How close are we ready to come?
“Coming Close,” Philip Levine, 1991
Levine’s poem, “Coming Close,” is a great poem for thinking about aspects of vocation. In the narrow sense of vocation (jobs and careers), the poem makes us reconsider our assumptions and valuations for meaningful work. In the broad sense of vocation (one’s callings in life), the poem brings to mind what presence and empathy require of us. As Levine asserts, every place has a language, every reality has its own version of “why,” and every act of being present and empathetic has potential to mark us, now and forever. In order for us to truly understand each other’s experience of vocation, we must be prepared to “come close” and “spend shift after shift” in their place.
Some gold standards are unchanged
One of the best moments in Steven-Charles Jaffe’s 2013 documentary on the cartoonist Gahan Wilson occurs during a conversation between the cartoon editor for The New Yorker magazine and a hopeful cartoonist. The cartoonist proudly shows the editor his book of cartoons and the editor asks, “Have you been published?” The cartoonist replies, “I’m self-published, but I hope to get a publisher.” The editor quips, “That’s great. Have you ever been self-rejected?” The scene ends abruptly, as it should.

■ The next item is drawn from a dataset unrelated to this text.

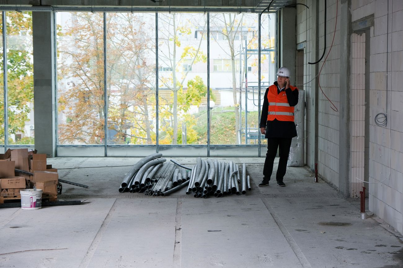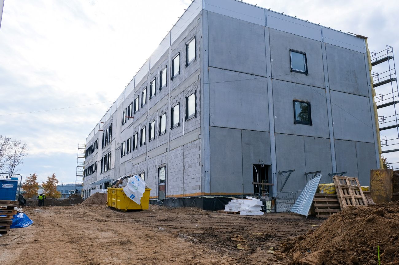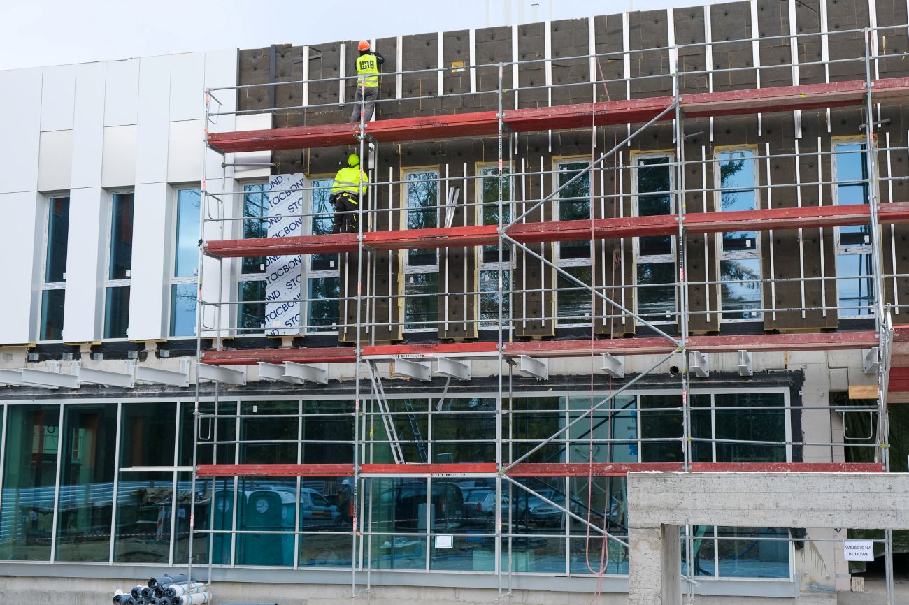 Paweł Żeruń, kierownik budowy: Zaawansowanie prac oceniam na około 70 procent. Jest postawiona główna konstrukcja parafabrykowana, stelaże wszystkich ścianek działowych. Trwają prace związane z wykonaniem centralnego ogrzewania poszczególnych kondygnacji oraz szlicht posadzkowych. Jesteśmy na ukończeniu prac związanych z wykonywaniem instalacji kanalizacji deszczowej. Przed nami jeszcze gros prac wykończeniowych, ale one będą się już odbywać wewnątrz budynku, więc zima nam nie będzie przeszkadzać.

Having worked in publishing and academia for decades, of course I am on the side of The New Yorker editor. But having been a studio artist for over 30 years, I have empathy for the hopeful cartoonist. I’ve been self-publishing things on this website for years, as a kind of vanity project. I am grateful for the opportunity my website offers me to “publish” . . . and realistic about its reach, due in part to its not meeting the gold standard process for acceptance and rejection.